PTUN Jakarta Tolak Gugatan PT. KCP dan PT. MJR, Suku Awyu Menang!

Foto insert: Perwakilan masyarakat adat suku Awyu saat menggelar demo, menuntut negara mengakui dan mengembalikan hak atas hutan dan tanah adat mereka.

 

Jayapura Papua, KD. Tekad dan semangat masyarakat adat suku Awyu di Kabupaten Boven Digoel provinsi Papua Selatan, yaitu dalam memperjuangkan nasib mereka merebut kembali hutan adat mereka, ternyata tidak mengecewakan.

Dengan perjuangan yang gigih dan usaha yang keras, akhirnya derita dan air mata masyarakat suku Awyu yang selama ini berderai, dijawab oleh Tuhan pencipta alam semesta.

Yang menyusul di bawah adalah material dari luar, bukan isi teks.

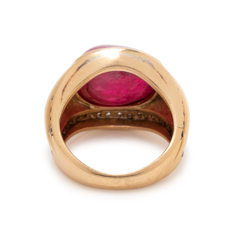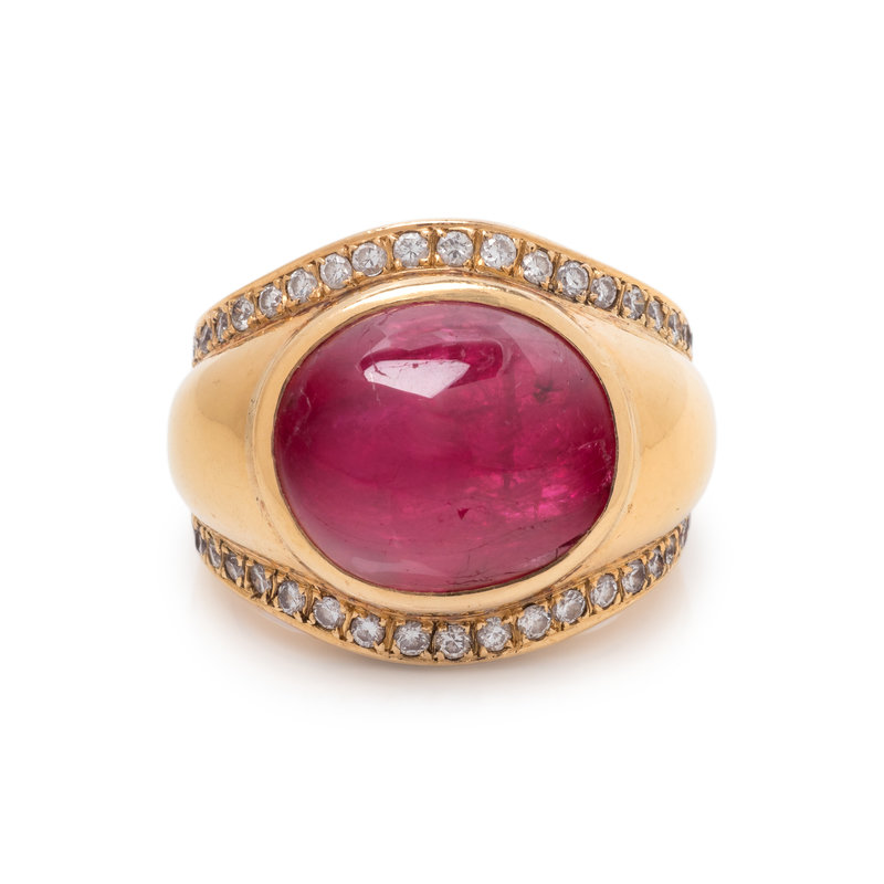 Containing one oval cabochon ruby measuring approximately 14.10 x 11.80 x 7.90 mm and 46 round brilliant cut diamonds weighing approximately 0.60 carat total. Ring size 5.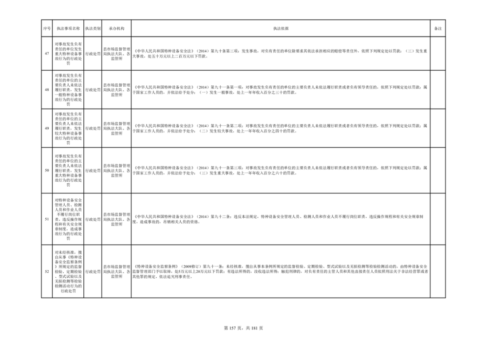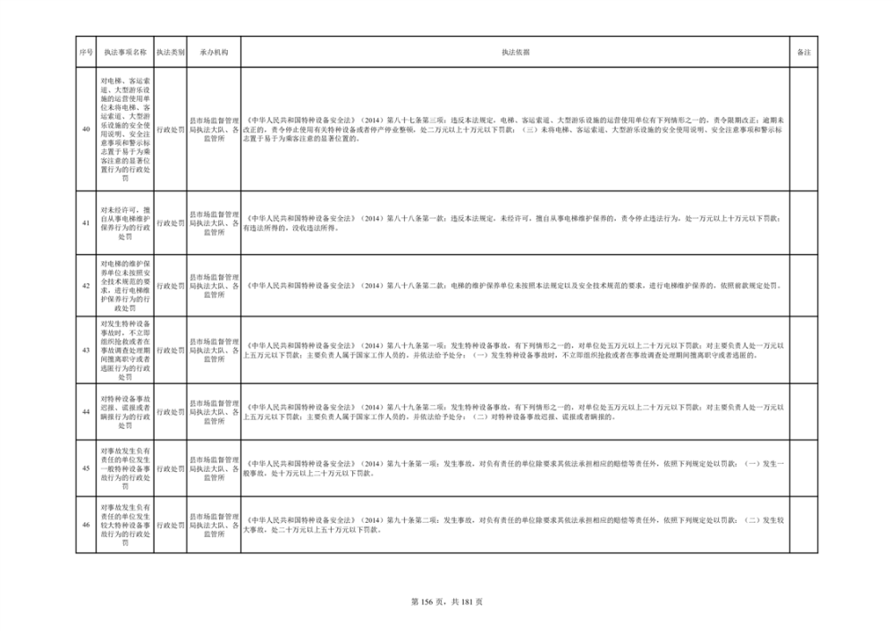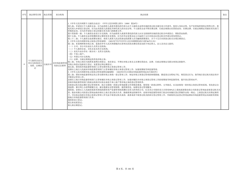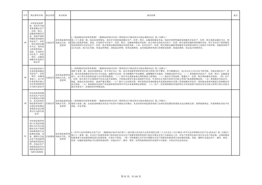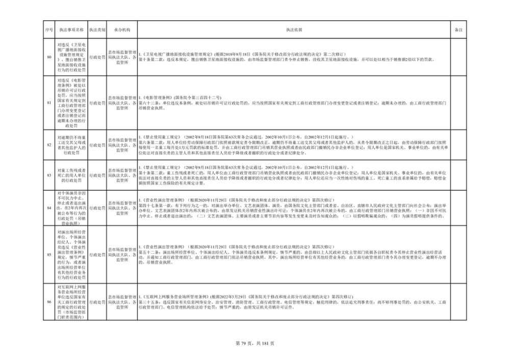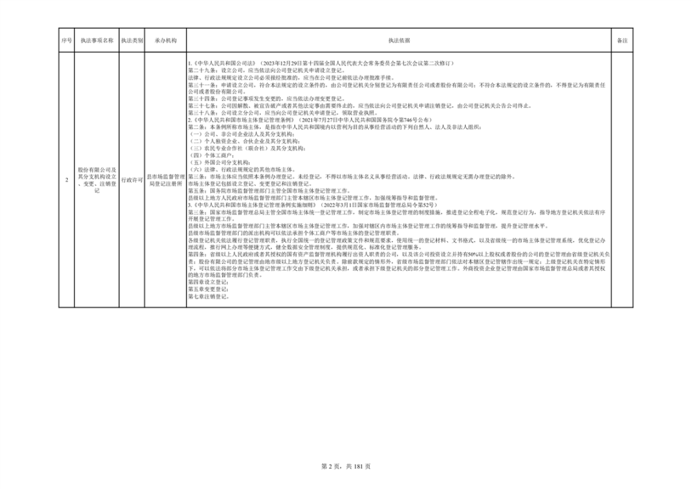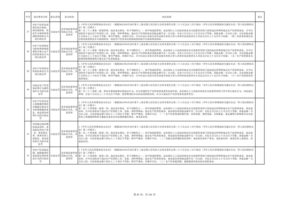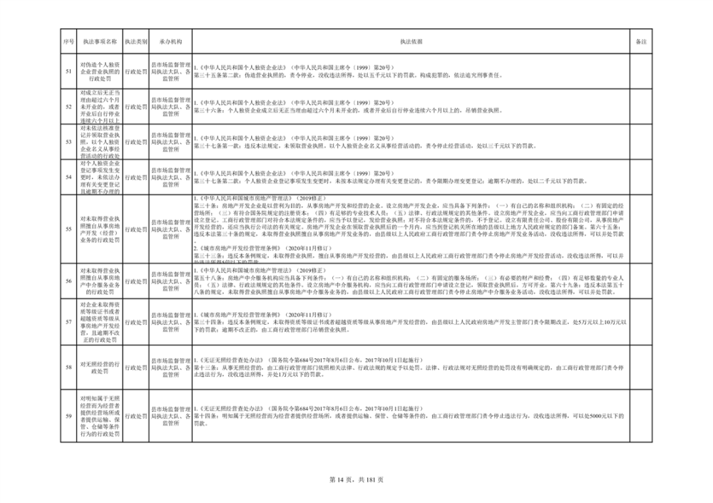 湘阴县市场监督管理局行政执法事项目录

Bagaimana tidak, Kawasan hutan dan juga tanah adat milik suku Awyu yang dicaplok PT. Kartika Cipta Pratama {KCP} dan PT. Megakarya Jaya Raya (MJR) yang dijadikan perkebunan kelapa sawit selama beberapa tahun berjalan, akhirnya dicabut izin mengenai pengelolaan kawasan hutan dari Kementerian Lingkungan Hidup dan Kehutanan {KLHK}.

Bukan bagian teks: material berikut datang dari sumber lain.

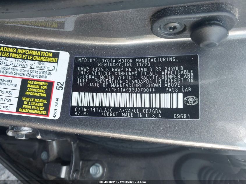 2024 TOYOTA CAMRY 2024 року Бензин, 2.5, Передний привод, vin - 4T1F11AK9RU879044 из США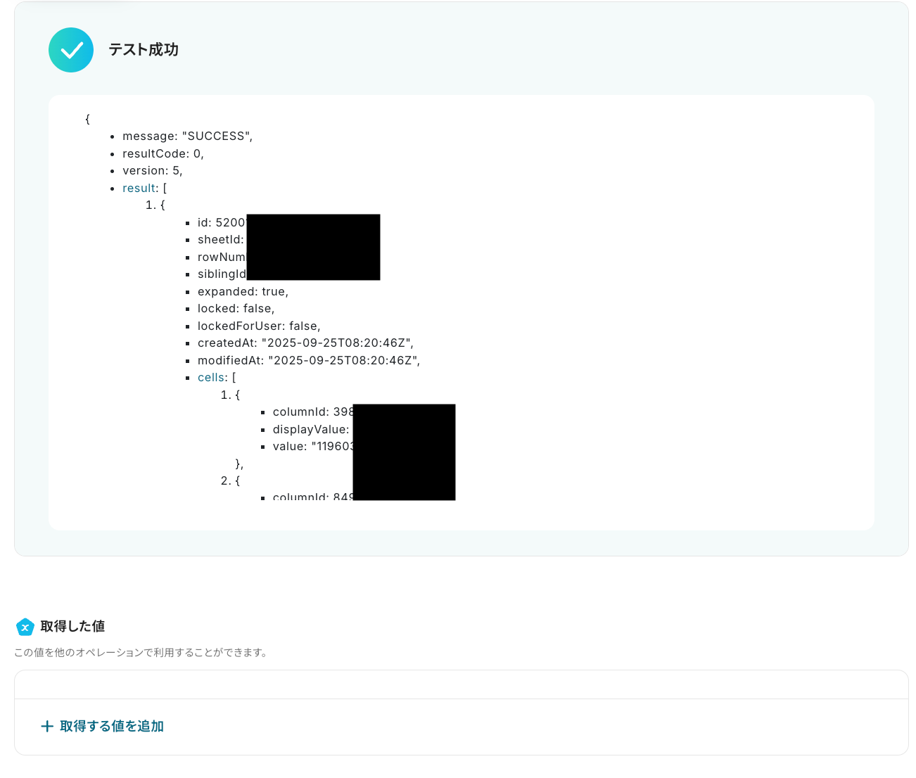以下の画像の取得した値を利用して、この後のステップでSmartsheetに行を追加できます。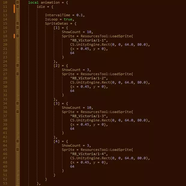 没关系!现在我们来分析每个参数。 Idle = {(或walk或run)——这是动画类型,分别对应待机、行走和奔跑。这些不要动。 IntervalTime = 0.1,——帧长度(不过看起来没什么作用) IsLoop = true,——动画是否需要循环。嗯,无论如何我们都需要动画循环播放。 [1] = {——按顺序的帧编号。 ShowCount = 10,——每个精灵的帧数。数值越大,精灵在屏幕上停留的时间就越长。 “RB_Victoria/1-1”——精灵路径。还记得在上一部分中命名的文件夹吗?路径的格式为[文件夹名称]/[精灵名称]。 CS.UnityEngine.Rect(0, 0, 64.0, 80.0)——精灵尺寸。前两个数值分别是左上角在x轴和y轴上的位置(你很可能不需要修改这两个数值)。最后两个数字分别是右下角在x轴和y轴上的位置(你很可能需要将精灵大小设为这些值)。 {x = 0.45, y = 0},这很可能是偏移量,但不确定。 动画中最后一个精灵的逗号应该像上图第4帧那样去掉。 行走和跑步的设置也与此类似。精灵连接 要进行连接,需要编辑十几行代码,最重要的是不要触及任何无关内容。 负责连接的是以下代码部分:

Pasca pencabutan izin kawasan hutan yang terjadi, PT. KCP dan PT. MJR pun melakukan gugatan ke Pengadilan Tata Usaha Negara {PTUN} Jakarta. Kedua perusahaan penggugat itu meregistrasi perkara gugatan mereka di kantor PTUN Jakarta dengan nomor masing-masing: 82/G/2023/PTUN.JKT dan 87/G/2023/PTUN.JKT.

Alih-alih mengharapkan jawaban putusan yang berpihak kepada gugatan kedua perusahaan kelapa sawit itu, yang mana telah beria-ria selama berapa tahun perusahaan tersebut di lahan masyarakat adat suku Awyu, PTUN Jakarta menolak gugatan kedua perusahaan penggugat itu.

Putusan yang memenangkan Menteri LHK (tergugat) dan masyarakat adat suku Awyu (tergugat intervensi) ini, diumumkan lewat sistem e-court Mahkamah Agung pada Selasa, 5 September 2023.

Sebagaimana diketahui, PTUN Jakarta disebutkan dengan memutuskan menolak gugatan 2 perusahaan kelapa sawit itu, ia telah menyelamatkan 65.415 hektar hutan asli dari konsesi PT. MJR dan PT. KCP Perusahaan.

Kedua perusahaan ini bahkan tidak boleh melakukan deforestasi dalam area tersebut, dan hanya boleh menjalankan bisnis dalam 8.828 hektar lahan hutan milik masyarakat adat yang telah dibuka, oleh pemegang ke-2 konsesi.

Demikian pernyataan Gergorius Yame, salah satu tergugat dari 6 tergugat intervensi dalam perkara gugatan 2 perusahaan besar itu.

“Ini putusan yang kami tunggu-tunggu. Perusahaan jangan ganggu hutan dan tanah adat. Ko (perusahaan,red) mau bikin apa lagi di tanah adat kami?. Patuhi sudah putusan ini dan biarkan kami rawat sendiri tanah adat kami.

Semoga dengan gugatan ini, KLHK tahu kalau perusahaan trada niat baik dan segera cabut sepenuhnya izin PT. MJR dan PT. KCP.

Kami berharap bisa mendapatkan hutan adat lagi, dan biar kami sendiri yang kelola untuk anak cucu kami .suku Awyu,” cetus Gergorius Yame berdialek Papua penuh harapan.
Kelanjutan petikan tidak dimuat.